*HOW TO COMPLETE THIS TASK*.
Reproduce exactly the lines from the one containing "旗下大作《刺客教條》(Assassin's Creed)、《狙擊之神》(Sniper Elite)等系列作品均有歷史新低折扣。" through the end of the listing, minus the pictures.
--- DATA BLOCK Enclosed Below ---
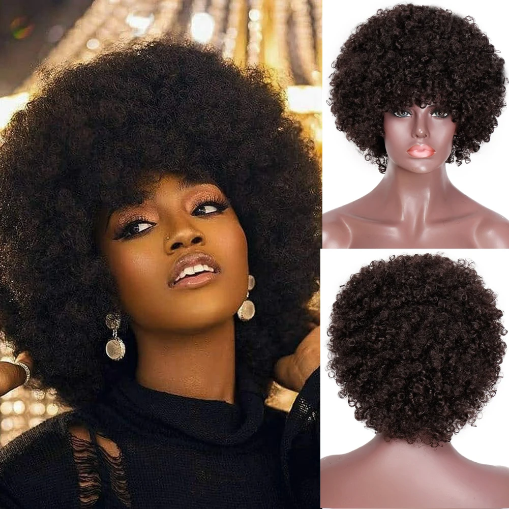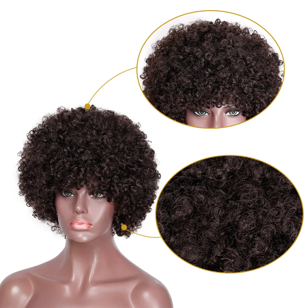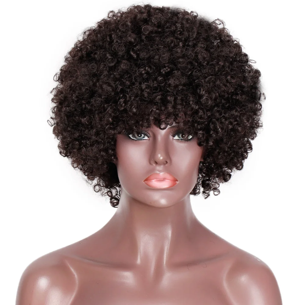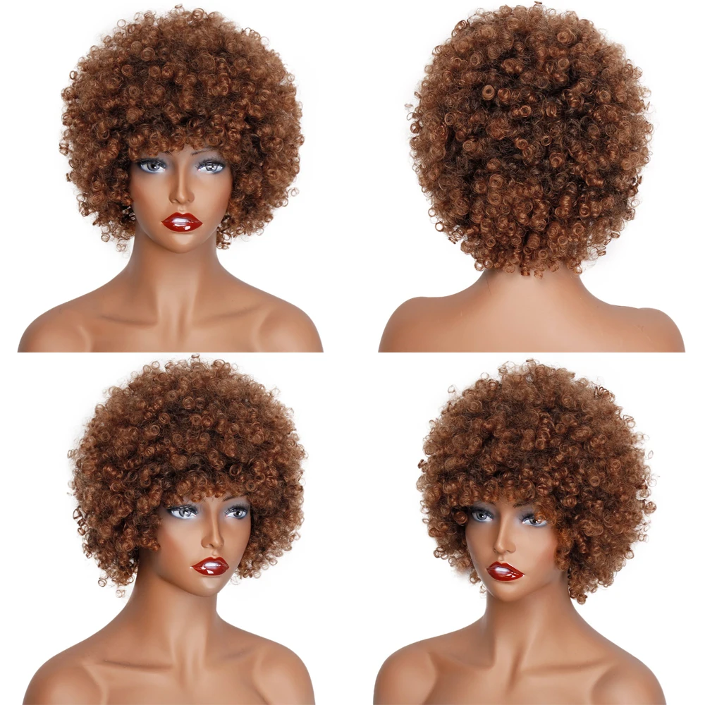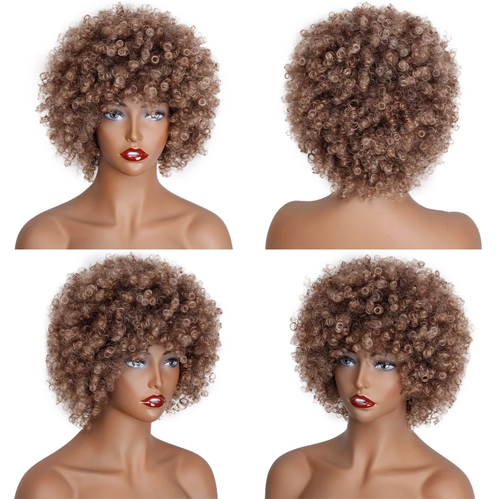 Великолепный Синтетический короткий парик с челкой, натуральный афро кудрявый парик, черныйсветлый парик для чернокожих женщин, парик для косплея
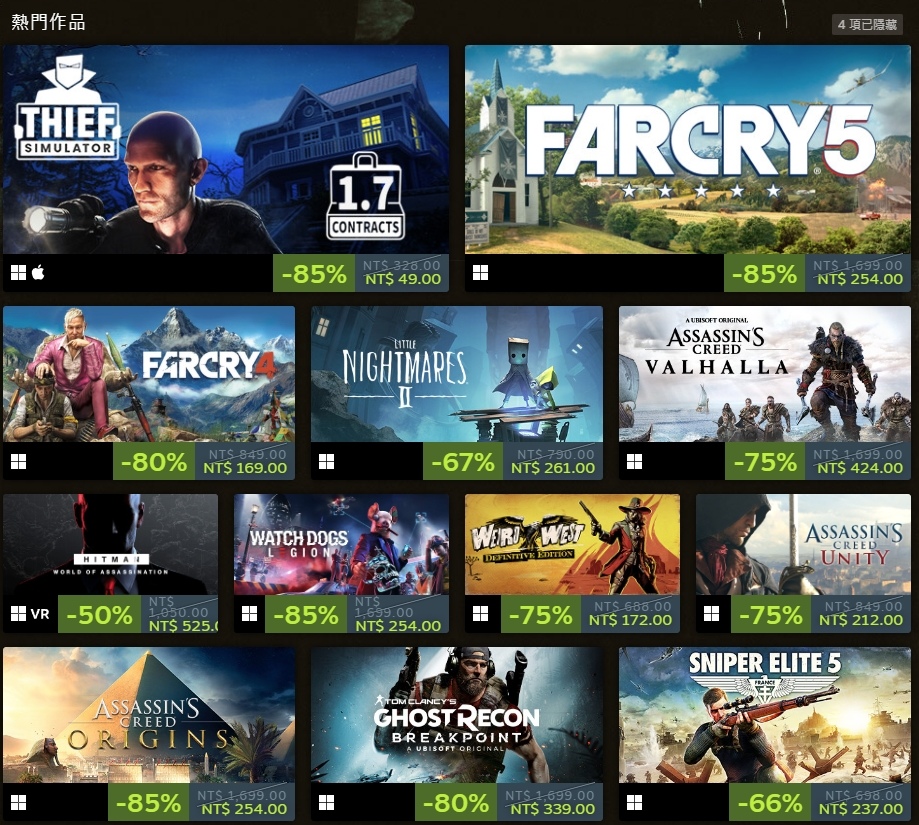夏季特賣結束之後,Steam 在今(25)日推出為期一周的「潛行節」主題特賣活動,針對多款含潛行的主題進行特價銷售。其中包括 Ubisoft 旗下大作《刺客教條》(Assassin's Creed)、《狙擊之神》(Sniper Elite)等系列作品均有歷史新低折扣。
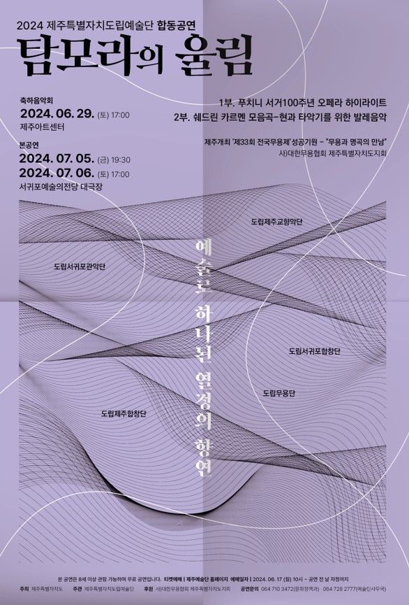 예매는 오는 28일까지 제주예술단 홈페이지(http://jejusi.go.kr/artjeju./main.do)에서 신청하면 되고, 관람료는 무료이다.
--- End of Enclosed DATA BLOCK ---
*ANSWER TO THE PROBLEM*.
夏季特賣結束之後,Steam 在今(25)日推出為期一周的「潛行節」主題特賣活動,針對多款含潛行的主題進行特價銷售。其中包括 Ubisoft 旗下大作《刺客教條》(Assassin's Creed)、《狙擊之神》(Sniper Elite)等系列作品均有歷史新低折扣。
 예매는 오는 28일까지 제주예술단 홈페이지(http://jejusi.go.kr/artjeju./main.do)에서 신청하면 되고, 관람료는 무료이다.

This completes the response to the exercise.